Calculate p-value from correlation r2 and degrees of freedom.

Arguments:

  • r2: R² value
  • dof: Degrees of freedom

Returns:

  • p-value

beta_shape1_from_dof

def beta_shape1_from_dof(r2_values: np.ndarray, dof: float)

Estimate Beta shape1 parameter from moment matching.

Arguments:

  • r2_perm: Array of permutation R² values
  • dof: Optimized degrees of freedom

beta_log_likelihood

def beta_log_likelihood(pvals: np.ndarray, shape1: float, shape2: float)

Negative log-likelihood for the Beta distribution.

Arguments:

  • pvals : Array of permutation p-values
  • shape1 : Beta shape parameter 1
  • shape2 : Beta shape parameter 2

Returns

  • The negative log-likelihood of the observed p-values given the specified Beta distribution parameters

optimize_dof

def optimize_dof(r2_perm: np.ndarray, dof_init: int, tol=1e-4)

Optimize degrees of freedom such that Beta shape1 ≈ 1.

Arguments:

  • r2_perm: Array of permutation R² values
  • dof_init: Initial value of degrees of freedom
  • tol: Tolerance level

Returns

  • Optimized degrees of freedom

fit_beta_parameters

def fit_beta_parameters(r2_perm: np.ndarray, dof: float)

Fit Beta distribution parameters to permutation p-values.

Arguments:

  • r2_perm: Array of permutation R² values
  • dof: Optimized degrees of freedom

Returns:

  • Beta shape parameters 1 and 2

adjust_p_values

def adjust_p_values(r2_perm: np.ndarray,
                    r2_nominal: float,
                    dof_init=10,
                    tol=1e-4)

Calculate Beta-approximated p-values from permutation results.

Arguments:

  • r2_perm: Array of permutation R² values
  • r2_nominal: The nominal R² value
  • dof_init: Initial value of degrees of freedom
  • tol: Tolerance level

Returns:

  • The permutation adjusted p-value

get_slope

def get_slope(corr: float, phenotype_sd: np.ndarray, genotype_sd: np.ndarray)

Calculate the slope.

Arguments:

  • corr: Pearson correlation
  • phenotype_sd: Standard deviation of phenotypes
  • genotype_sd: Standard deviation of genotypes

Returns:

  • slope

calculate_slope_and_se

def calculate_slope_and_se(regression_data: pd.DataFrame, corr: float)

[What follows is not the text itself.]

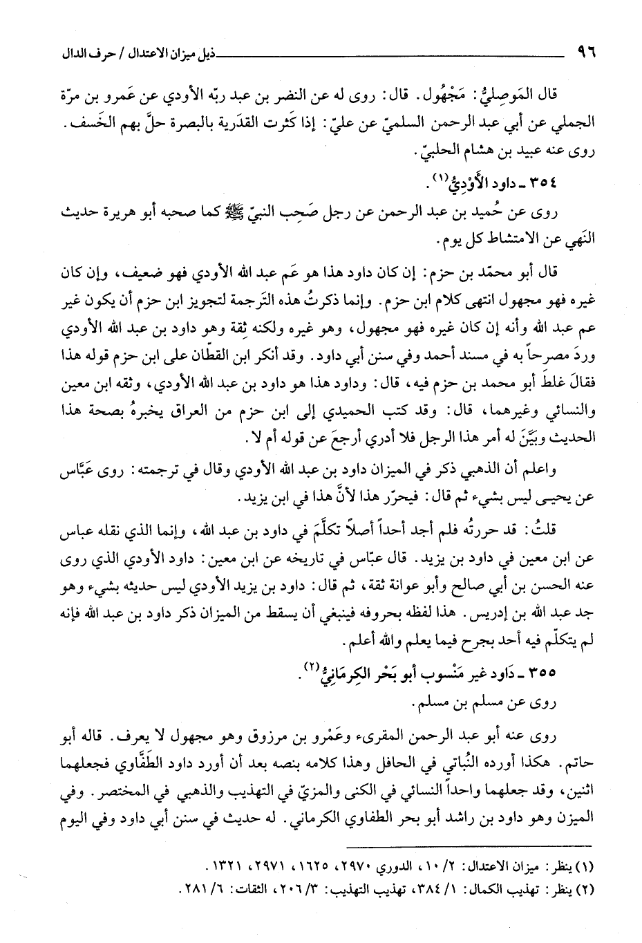 قلت قد حررته فَلم أجدا أصلا تكلم فِي دَاوُد بن عبد الله وَإِنَّمَا الَّذِي نَقله عَبَّاس عَن ابْن معِين فِي دَاوُد بن يزِيد قَالَ عَبَّاس فِي تَارِيخه عَن ابْن معِين دَاوُد الأودي الَّذِي روى عَنهُ الْحسن بن أبي صَالح وَأَبُو عوَانَة ثِقَة ثمَّ قَالَ دَاوُد بن يزِيد لَيْسَ حَدِيثه بِشَيْء وَهُوَ جد عبد الله بن إِدْرِيس هَذَا لَفظه بِحُرُوفِهِ فَيَنْبَغِي أَن يسْقط من الْمِيزَان ذكر دَاوُد بن عبد الله فَإِنَّهُ لم يتَكَلَّم فِيهِ أحد بِجرح فِيمَا يعلم وَالله أعلم

Calculate the slope and its standard error.

Arguments:

  • regression_data - A dataframe with residualized "GEX" and "cur_genotypes" columns.
  • corr - The correlation between residualized "GEX" and "cur_genotypes".

Returns:

  • slope - The slope of the linear relationship.
  • slope_se - The standard error of the slope.

calculate_pvalue

def calculate_pvalue(df: pd.DataFrame, corr: float)

Calculate the p-value using the residualized data and correlation.

Arguments:

  • df - A dataframe with residualized "GEX" and "cur_genotypes" columns.
  • corr - The correlation between residualized "GEX" and "cur_genotypes".

Returns:

  • pval - The p-value for testing whether the slope is different from 0.